A_ext = [ones(nA*dim,1) -2*A(:) A(:).^2];
B_ext = [B(:).^2 B(:) ones(nB*dim,1)];

A_ext = reshape(permute(reshape(A_ext,nA,dim,[]),[1 3 2]),nA,[]);
B_ext = reshape(permute(reshape(B_ext,nB,dim,[]),[1 3 2]),nB,[]);

distmat = A_ext * B_ext.';
``````

So, these could be considered as experimental versions too.

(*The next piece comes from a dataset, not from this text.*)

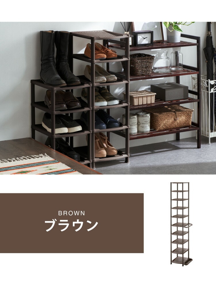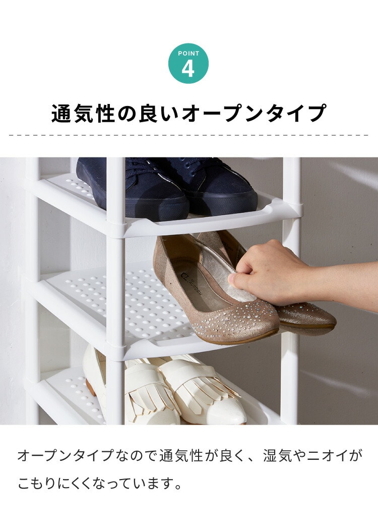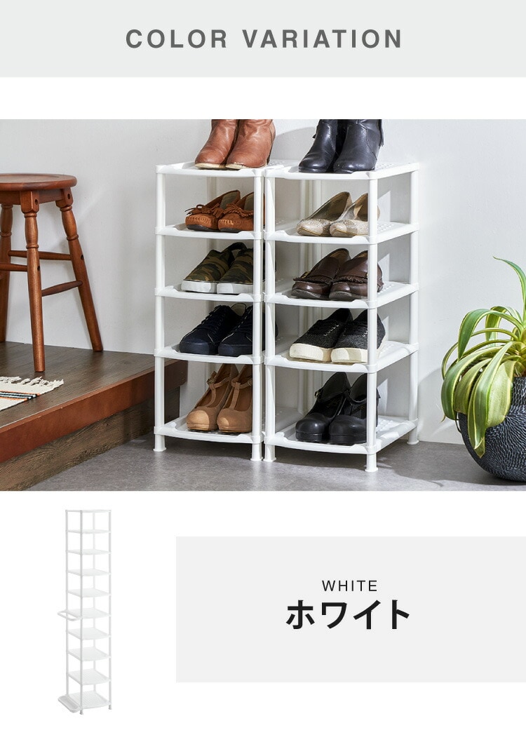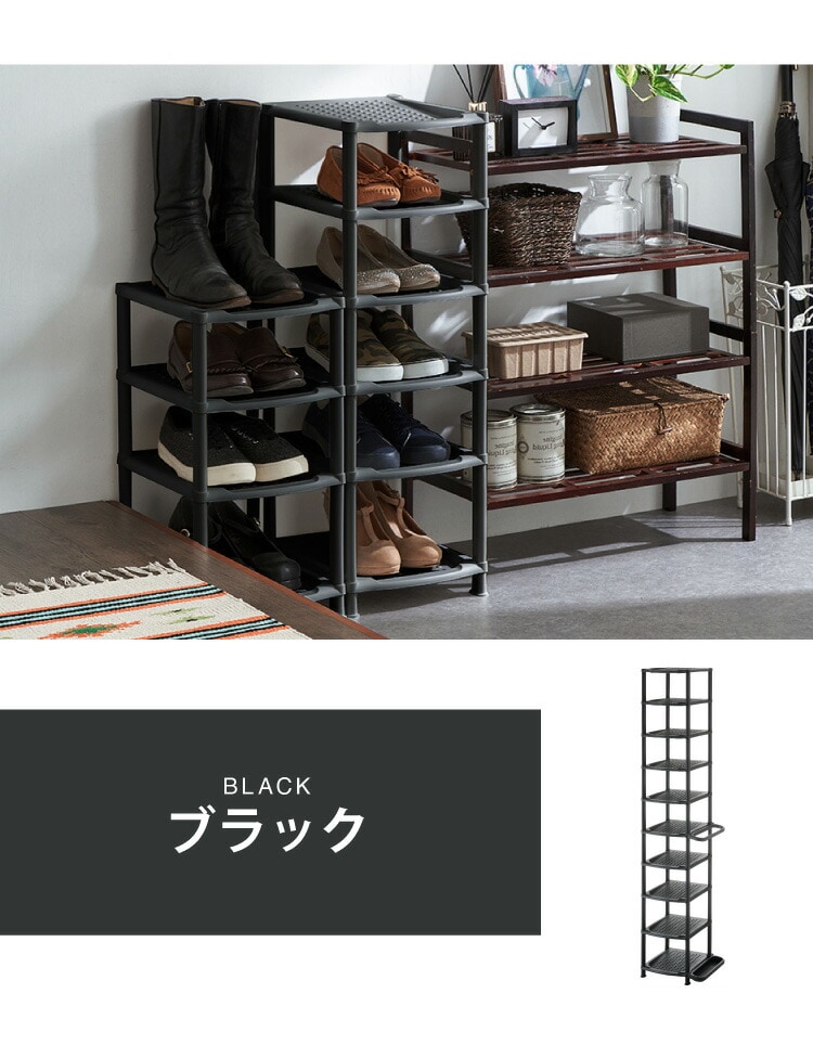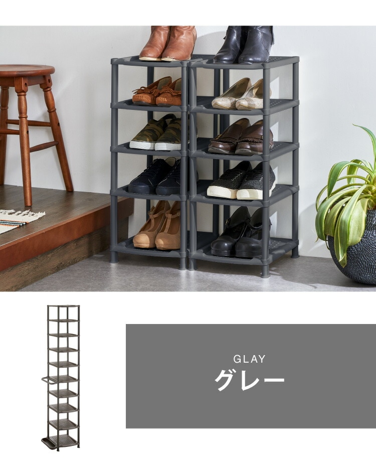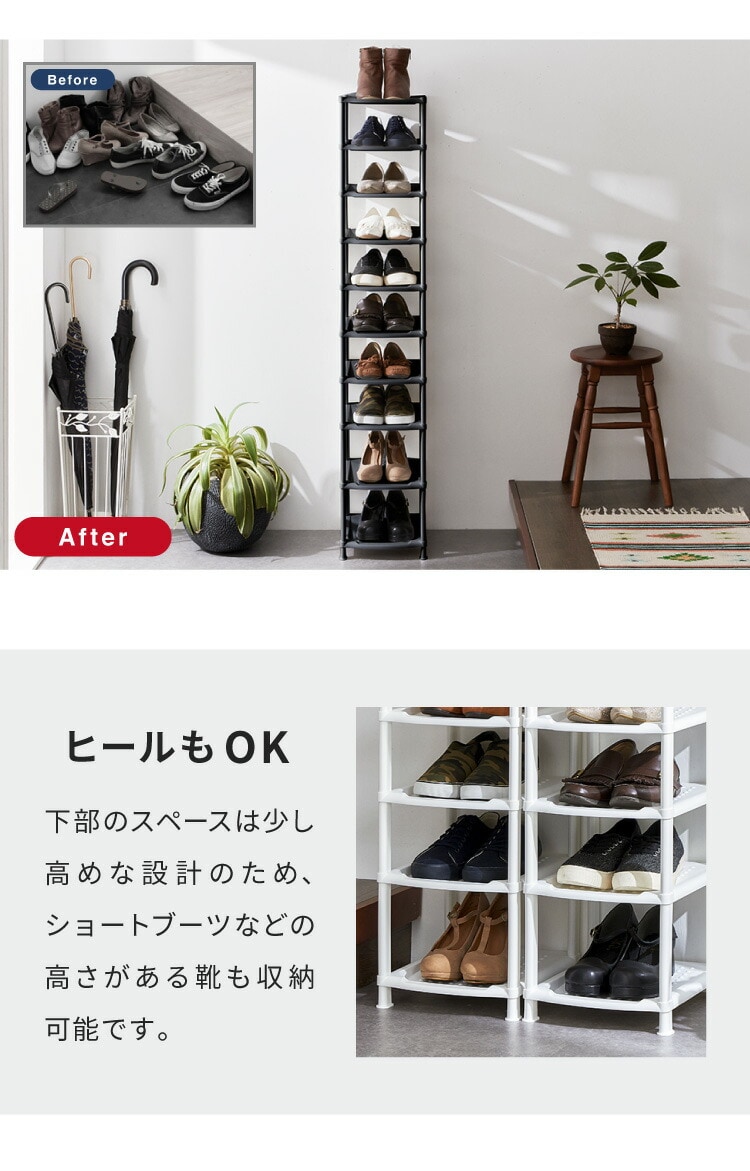 ブーツ、スニーカー、ラック、軽い、ポリプロピレン、オープン、組み立て式、靴棚、単身赴任、見せる収納、靴入れ、靴置き、靴箱、下駄箱、幅34.5cm、高さ154.5cm、奥行33.5cm、傘収納付き、オープンシェルフ、リニューアル、省スペース靴収納、縦、片付け、モダン、ナチュラル

Use `pdist2` (Statistics Toolbox) to compute the distances in a vectorized manner:

``````ab = im(:,:,2:3);                              % // get A, B components
ab = reshape(ab, [size(im,1)*size(im,2) 2]);   % // reshape into 2-column
dist = pdist2(clusters, ab);                   % // compute distances
[~, idx] = min(dist);                          % // find minimizer for each pixel
idx = reshape(idx, size(im,1), size(im,2));    % // reshape result
``````

If you don't have the Statistics Toolbox, you can replace the third line by

``````dist = squeeze(sum(bsxfun(@minus, clusters, permute(ab, [3 2 1])).^2, 2));
``````

This gives squared distance instead of distance, but for the purposes of minimizing it doesn't matter.